• _Exercise objective_
Pictures are to be omitted. Output only the lines from the one containing "Šatní skříň S90" through the end of the data, word for word.
** Input follows **
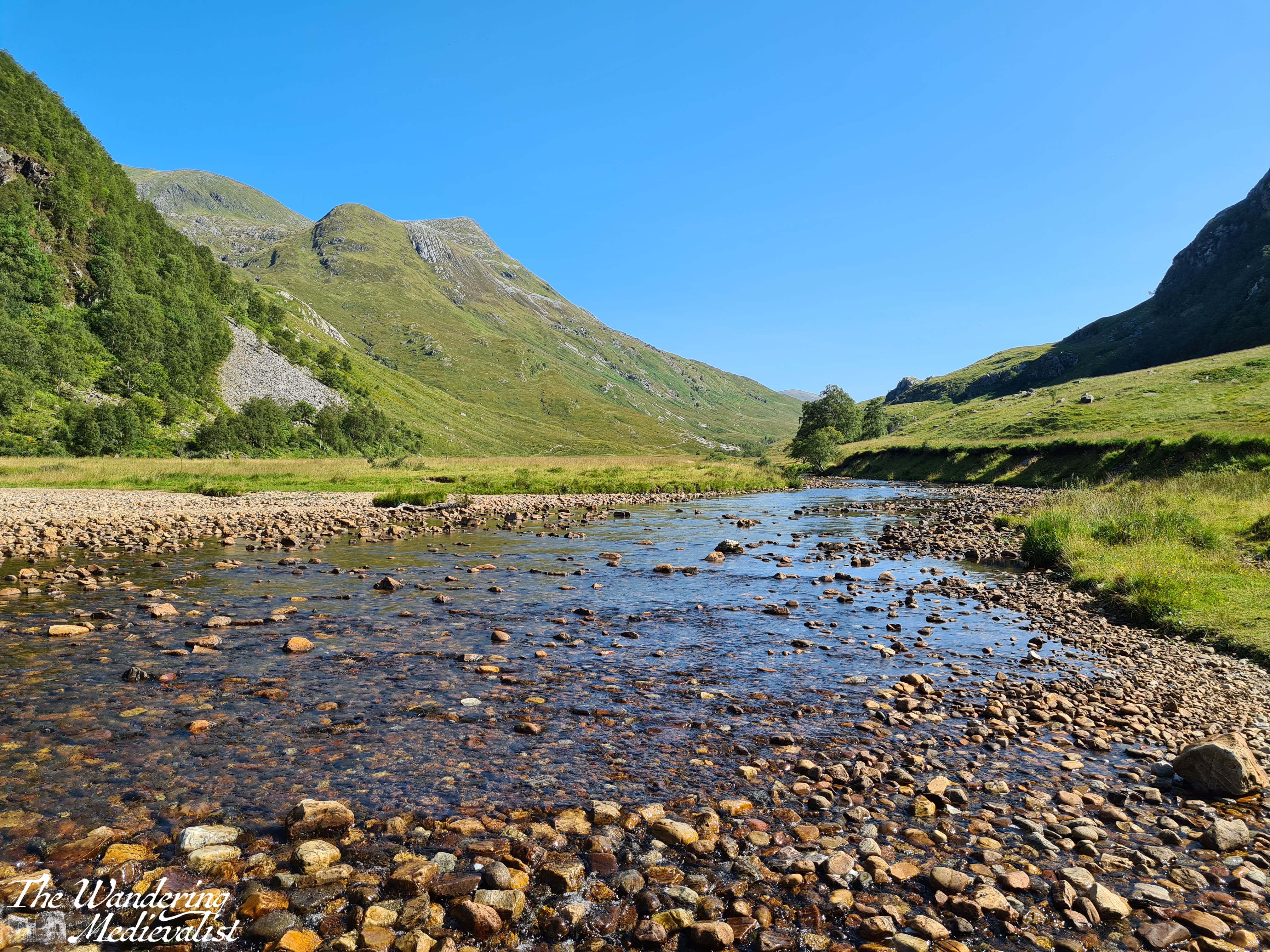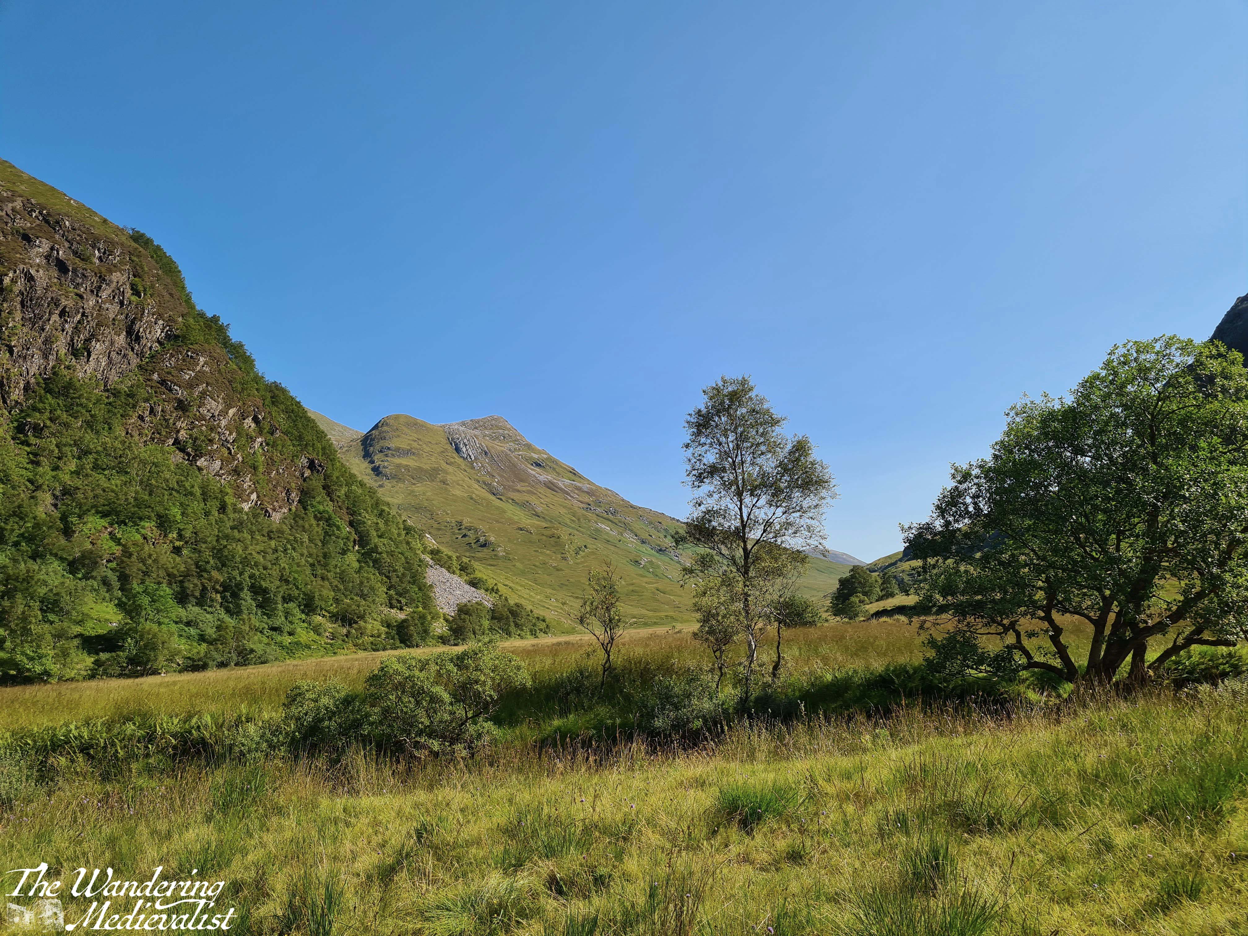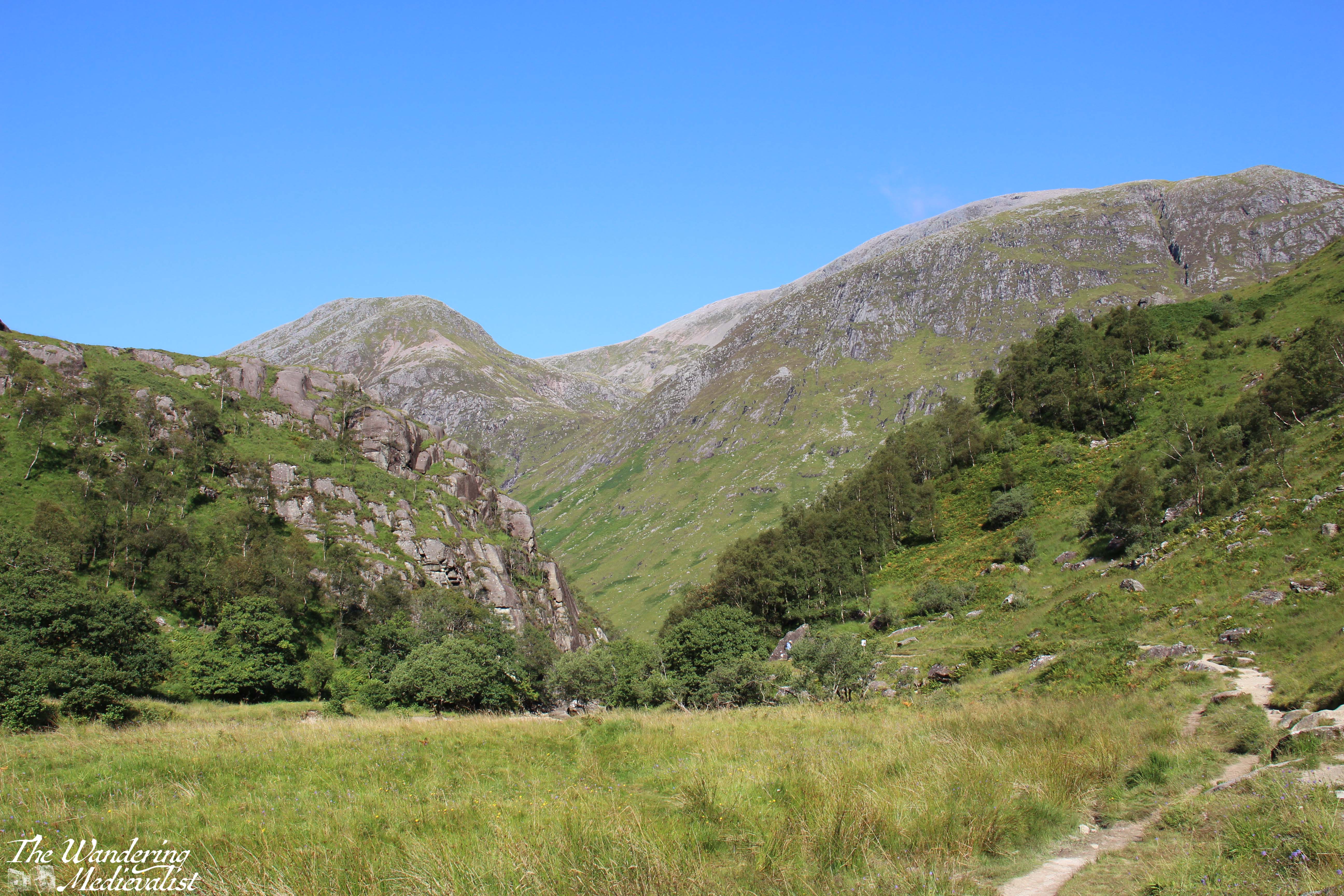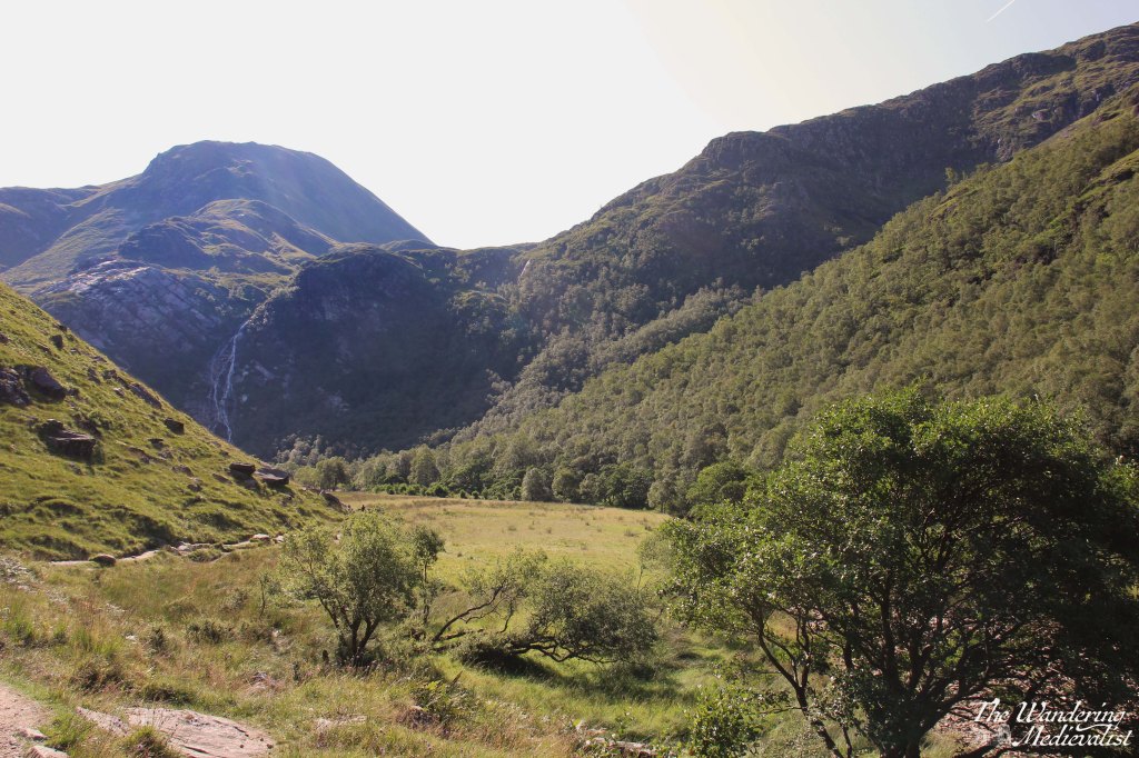 The trail eventually passes through to the other side of the gorge, and before you opens up a beautiful flat valley where the Water of Nevis cuts through the hills. Grassy flat land is dotted with stands of trees and rocks, and in the distance you can just see Steall Falls.
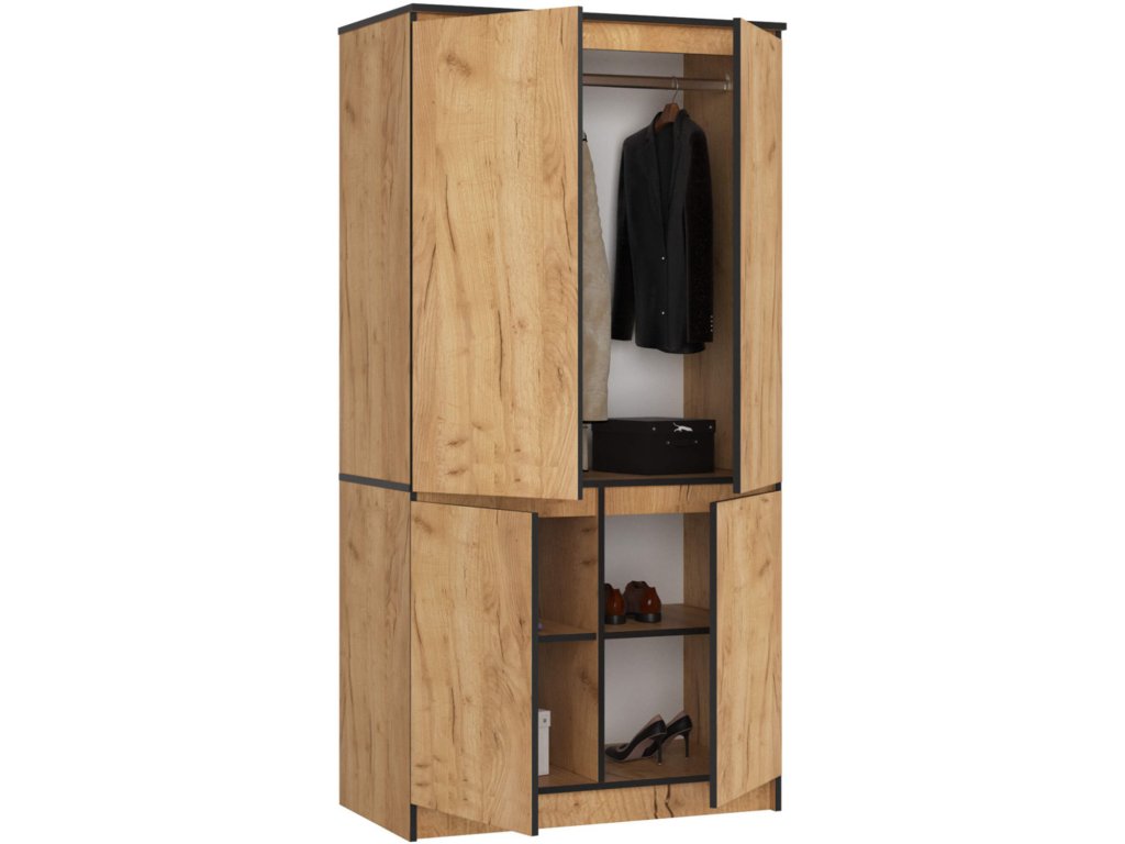 Šatní skříň S90 4D CLP - řemeslný dub. Jednoduchá a kvalitní skříň, která Vás okouzlí svou jednoduchostí a elegancí. Bezúchytková čela zajišťují pohodlné používání. - použití kvalitních materiálů - 2 prostorné police - 1x šatní tyč - zajímavé provedení - snadná montáž Údržba: Povrch nábytku utřete do čista měkkým hadříkem. Vyhněte se použití chemikálií.Doplňkové parametry
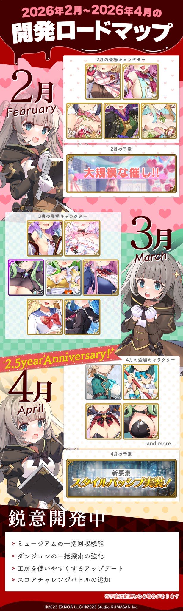 | … | 5126/01/30(金)16:09:20No.1397236925+>4月だけキャラ少ない上にand moreって入ってるの凄い不穏っす! ハニバやるんすかね今年は |
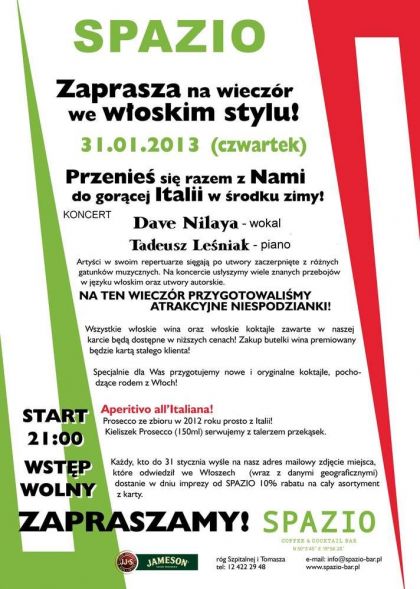 Cafe Spazio zaprasza na wieczr we woskim stylu!
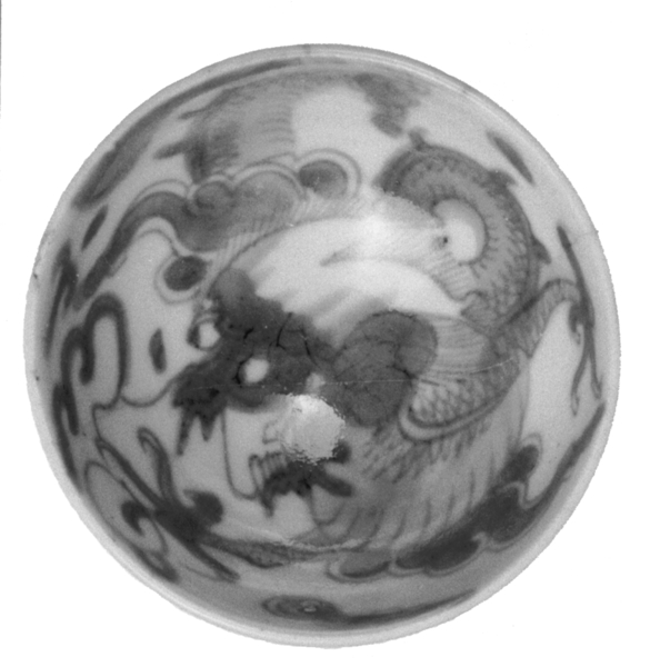| 5c | inwendig: onderglazuur blauw: wolk en vliegende draak jagend op parel; uitwendig: onderglazuur blauw: wolk en vliegende draak jagend op parel onderglazuur blauw |
** End of Input **
• _Finished task_
 Šatní skříň S90 4D CLP - řemeslný dub. Jednoduchá a kvalitní skříň, která Vás okouzlí svou jednoduchostí a elegancí. Bezúchytková čela zajišťují pohodlné používání. - použití kvalitních materiálů - 2 prostorné police - 1x šatní tyč - zajímavé provedení - snadná montáž Údržba: Povrch nábytku utřete do čista měkkým hadříkem. Vyhněte se použití chemikálií.Doplňkové parametry
 | … | 5126/01/30(金)16:09:20No.1397236925+>4月だけキャラ少ない上にand moreって入ってるの凄い不穏っす! ハニバやるんすかね今年は |
 Cafe Spazio zaprasza na wieczr we woskim stylu!
| 5c | inwendig: onderglazuur blauw: wolk en vliegende draak jagend op parel; uitwendig: onderglazuur blauw: wolk en vliegende draak jagend op parel onderglazuur blauw |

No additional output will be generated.